Can you remember the first track you produced? What was it like?

Yeah. I still have it on my hard drive. I still know what it sounds like. It feels like yesterday, actually because I remember I was in my bedroom with my earphones, laptop and everything. It’s been roughly four years since then. However, the first hit song I worked on was ‘Gelato’

What was it like working with Olamide on that project?

It felt like I was working with someone that knew what he wanted, but had the spirit of an upcoming artist because the ginger was crazy. Olamide made me feel at home. That’s like the thing with music for me. I have to feel like, ‘oh yea, we are guys right now.’ He actually trusted me with the sound. He let me do me and everything was quite easy. There was no pressure and it wasn’t forced or anything. We were basically just having a good time. That’s how ‘Carpe Diem’ came about for me and Olamide.


Your tag, ‘Giddem’. What’s its birth story?

Well, I was working with an artist and I was going through sound packs when I came across that one. It wasn’t just ‘Giddem’ though. It was something longer, but I just cut out that part and loved the sound of it. When I feel like I’m getting to another level in my career, I would like to introduce something new.

How do you feel when you walk on the road and you hear your tag on any track off Carpe Diem?

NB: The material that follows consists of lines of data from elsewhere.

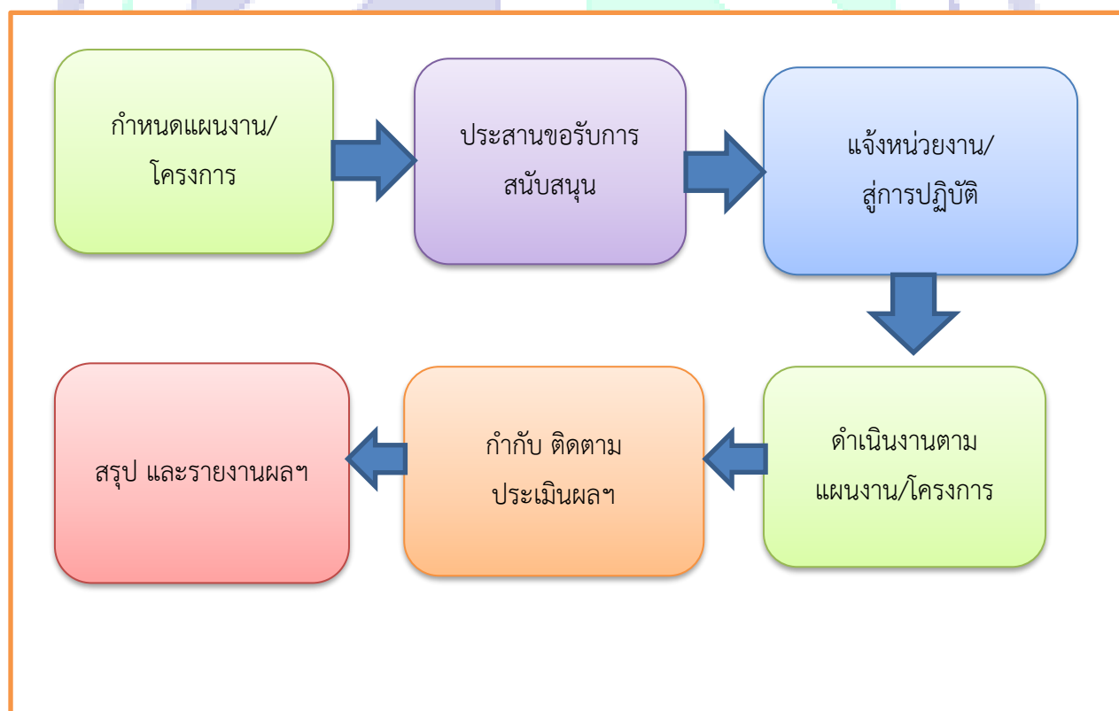
Flow Chart การปฏิบัติงาน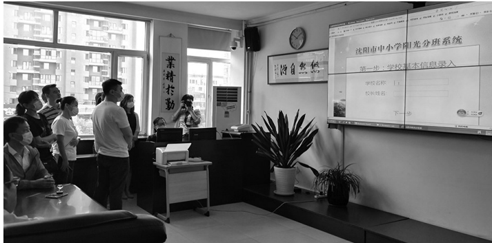
沈阳各区中小学陆续开启“阳光分班”。

来现场的家长代表是如何选出的呢?学校介绍,是随机抽取的,同时要考虑家长的个人意愿,只要工作不忙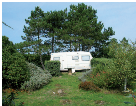
▲ La présence de camping-caravaning est incompatible avec la protection du site.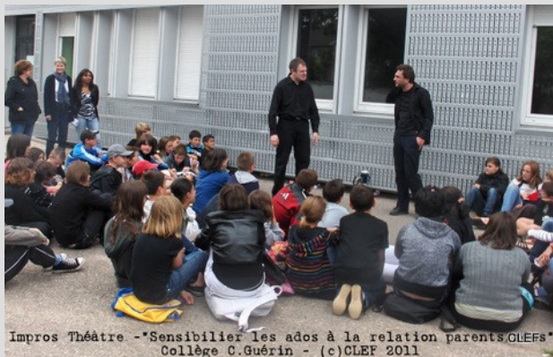
Impros Théâtre - "Sensibiliser les ados à la relation parents/ados" Collège C. Guérin

Grandir avec les jeunes, c'est répondre à ces questions.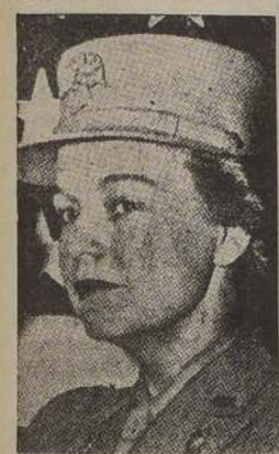
Oveta Culp Hobby, jefe del Ejército Auxiliar Femenino en formación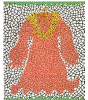
「ドレス」草間彌生 1982年 ed.75 リトグラフ・コラージュ

12月のSekiryu展では、「femininity - 女性性」を定点観測として、さまざまな「彼女」たちの作品、約20点を展示します。この機会にぜひ高覧ください。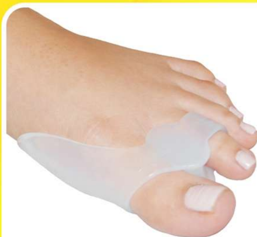
Corretivo Siligel 3 em 1 Ultra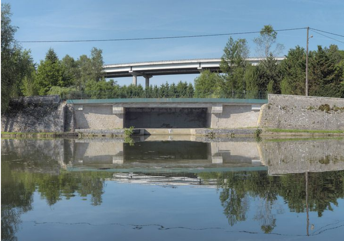
Le viaduc surplombant le pont sur l'ancienne gare d'eau des houillères d'Epinac.

21, Crugey, lieudit : bief 17 du versant Saône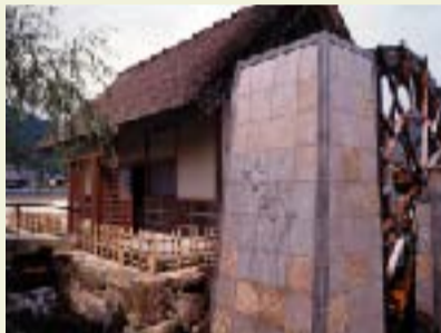
④ 水車公園こつとん亭 そば打ちやコンニャクづくり体験ができる。 TEL:0790-34-1666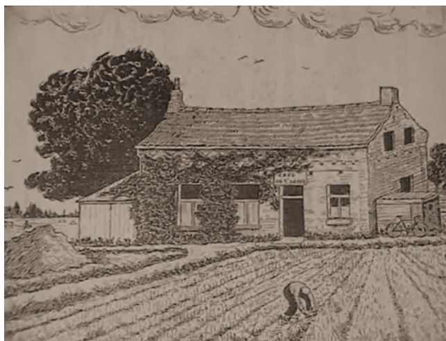
Dessin du café de l'Arbre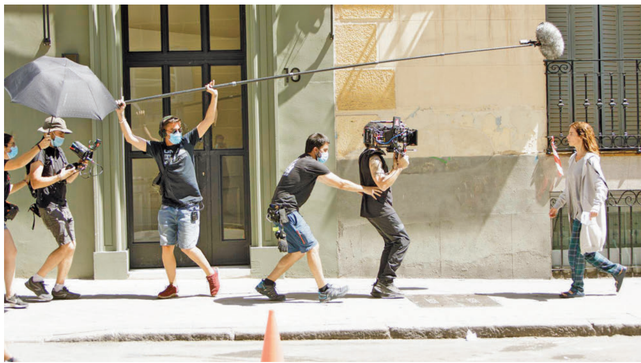
Rodaje de un proyecto audiovisual en la Comunidad de Madrid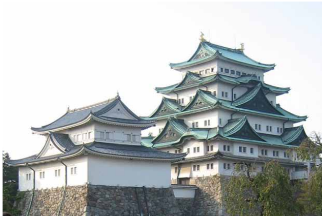
(左)名古屋城菊花総合花壇 (右)徳川園 夜間開園

名古屋城は織田信長誕生的那古野城跡に徳川家康が築城。御三家尾張徳川家17代の居城となり、文化や交易の栄える都市の中心になる。本丸御殿は狩野貞信や探幽など狩野派絵師により、部屋ごとの題材で床の間絵、襖絵などが描かれる。二代藩主・光友の隠居所・大曾根屋敷は池泉回遊式の荘厳な大名庭園・徳川園となる。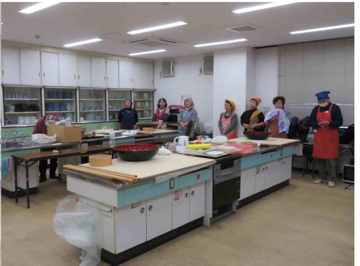
参加者14名の皆さんです。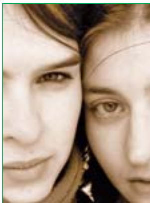
Мама, посмотри в мои глаза...

Еще существует в Самарской области целая сеть различных центров, которые тоже непосредственно относятся к Министерству по семье. Один из таких основных центров – это областной центр «Семья», он имеет свои структурные подразделения в каждом муниципальном образовании Самарской области и замыкает на себе всю профилактику по работе с семьей. Все инновационные проекты и технологии, которые разрабатываются на базе этого центра, внедряются непосредственно на местах, в муниципальных образованиях. В итоге Самарская область вышла на поразительные результаты: на их территории практически нет детей-сирот. Можно сказать, что такого явления, как сиротство, там нет! Там идет борьба за каждого ребенка. И даже за еще нерожденного ребенка – разговор идет о будущей матери, которая только обозначает, что хочет отказаться от ребенка. Как только поступает сигнал, что беременная женщина планирует в будущем оставить ребенка, с ней начинают работать специалисты – психологи и социологи, задача которых – свести риск сиротства к минимуму. Отслеживаются и мамы из «группы риска» – несовершеннолетние, например. И в последствии глобальная задача министерства, которую они ставят перед собой – воспитать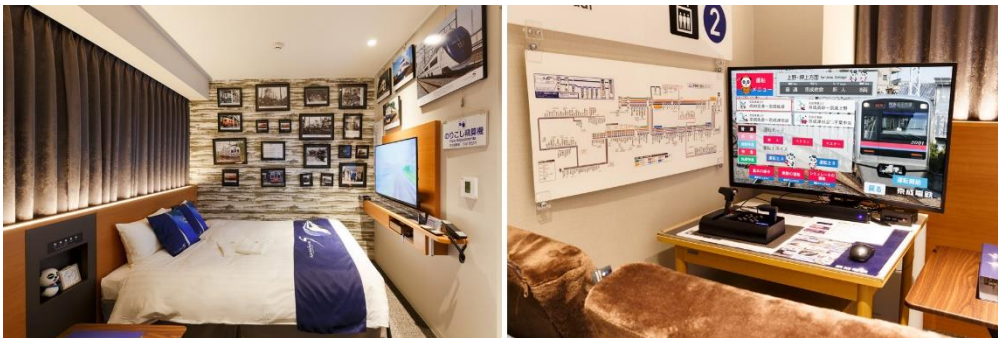
現在販売中の京成トレインルーム、運転体験シミュレーター

当ホテルは、昨年2022年9月に開業20周年を迎え、記念プロジェクトのひとつとして、別館である京成ホテルミラマーレアネックスにて、京成電鉄をテーマにしたコンセプトルーム「京成トレインルーム」を2022年7月から販売してまいりました。そして、ご宿泊いただいた多くのお客様からの「シミュレーターが欲しい！」という熱いご要望にお応えすべく、京成電鉄にて新たに開発した運転体験シミュレーターを設置、一部展示品もリニューアルし、更に“鉄分”アップした新たな宿泊プランとして本年2023年4月から販売し、こちらも多くのお客様からご好評をいただいております。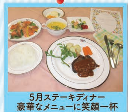
5月ステーキディナー 豪華なメニューに笑顔一杯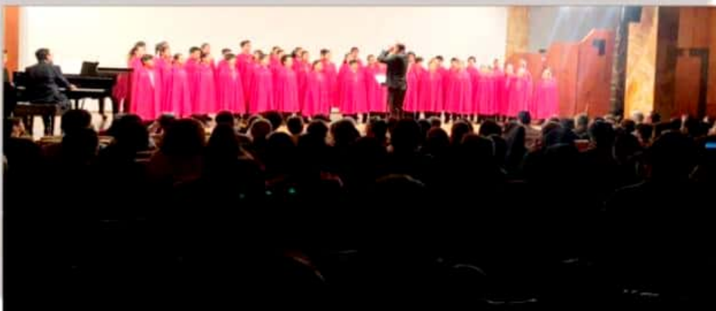
Los Niños Cantores de Morelia triunfaron este domingo en el Palacio de Bellas Artes.

pasan de maletas. ¡Y aunque me gruñá mi perro El Cachuchas y me haga señas con el dedo medio de su manilla derecha , ¡lépero que no fuera! Él sabe bien que su equipo está ¡pal perro! y vale pa puras vergüenzas . O se componen pa la otra temporada, o meta que de plano nos cambiamos con los güillos de Coapa . "¡Que la boca se te haga chicharrón! ", ¡jijo del maíz! Ya me tienes hasta la maa...nita . ¡Toma por uchepo!" y ¡ cuaz! ! Nomás vi estrellitas del sartenazo que me dio la Coty en mi cabecita, que no sé cómo sabe que estoy escribiendo, ¡Hasta calentito! siento en la pata del guamazo que me dio. ¿En la pata? , ¿qué tiene que ver mi pata con mi muceta? . "¡Perro, ¡jue de tu perruna! ", ve a echar tu porquería a otro lado. ¡Ni que fuera tu árbol particular! ", le tuve que gritar al Cachuchas que el muy gandalla también se desquitó echándome su agua de riñón . ¡ puerconio que no fuera! ! Pero ya mejor ni le buigo porque estoy oyendo que a mi tía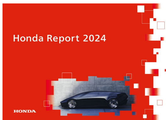
Honda Report 2024

URL: https://global.honda/jp/sustainability/integratedreport/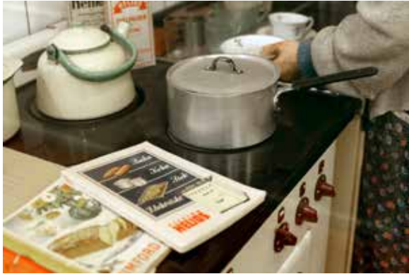
Ovan: Folkhemsköket ur utställningen Vårt Uppsala. Foto Olle Norling.

T.h.: Tiden i rummet. Foto Olle Norling.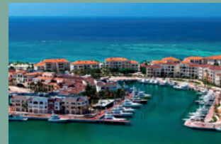
3. MARINA CAP CANA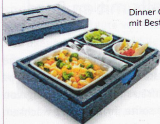
Dinner Champion II mit Besteckfach

Aussengrösse: 43.0 x 32.5 x 11.5 (L/B/H) Anzahl: 109 blaue Boxen und 18 schwarze Boxen Preis: CHF 40.00/Stück, Preis verhandelbar (Neupreis CHF 98.–)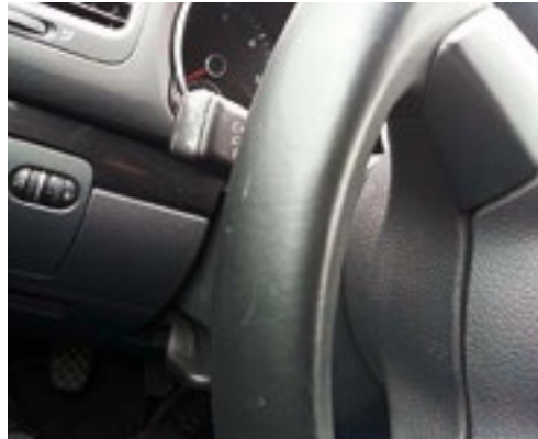
Leichte Kratzer am Lenkrad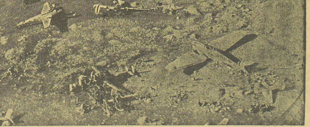
Sur l'aérodrome de Derna, le terrain est jonché de carcasses d'avions ennemis.

Pendant la journée d'hier, les bombardiers de la R.A.F. et les escadrilles de la France libre, ont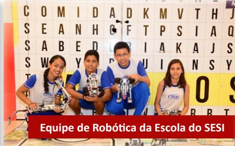
Equipe de Robótica da Escola do SESI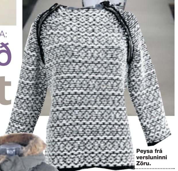
Peysa frá versluninni Zöru.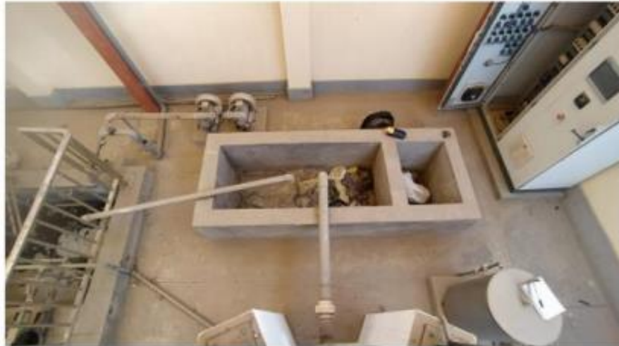
Fig. 6: Poza de lodos

"Decenio de la Igualdad de Oportunidades para Mujeres y Hombres" "Año de la Unidad, la Paz y el Desarrollo"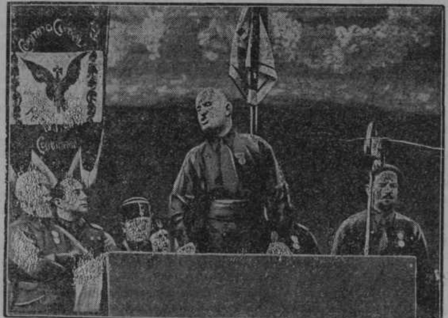
linijev slavnostni govor, v katerem se je spominjal diktator Italije desetletnice pohoda fašistov v Rim in prevzema državne oblasti.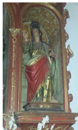
Fig. 10. San Juan Evangelista , atrib. Alonso de Mena, c. 1620. Iglesia parroquial de La Visitación de Nuestra Señora, Churriana de la Vega (Granada).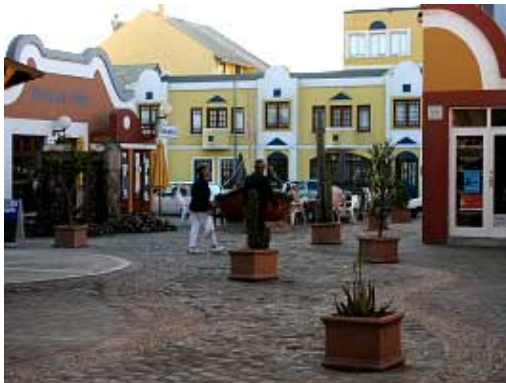
egal, ob in der gemütlichen Altstadt ...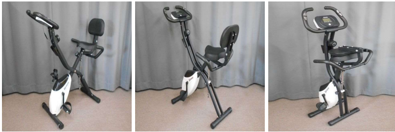
健康器具(折りた たみ式)

I smile. Sometimes, I call my sister or brother and they are like, ‘are you just knowing you worked on the project now?’ (laughs). It’s a great feeling. Especially because everybody loves it and vibes to it.

The industry is very saturated. How does your sound stand out from the others?

My melodies – they speak the truth. My melodies strike something within you. There’s no way you would listen to my job and not feel something.


Before limelight, were there limitations that came because of your age?

Errm, let’s begin with the girls. (Laughs). Omo, when nothing is popping with you, no girl wants to give you time. Not when you still dey find admission into school. Although, I had girls still. I think I’m actually quite good with words. I’m not a Yoruba Demon, but I enjoy their company. As regards production, I think most people were actually more surprised about my age than they tried to run shady with me. And for those that tried to play shady, I had my management to defend me. Especially because I had the capability to do the things I needed to do, age regardless.

Do you have any thoughts on ageism?

No disrespect, but fuck age. Fuck whoever is trying to take advantage of young people or not give them the opportunities they deserve. If what they are asking for is what is delivered, I see no reason why young people should be insulted or looked down upon.

Any word to other young creators?

Don’t kiss anybody’s ass. Keep working and what is for you will come to you. Always pray for guidance and pray to make the right decisions. Know when to be cocky and when to say ‘let me just let this one pass’. Weigh your options.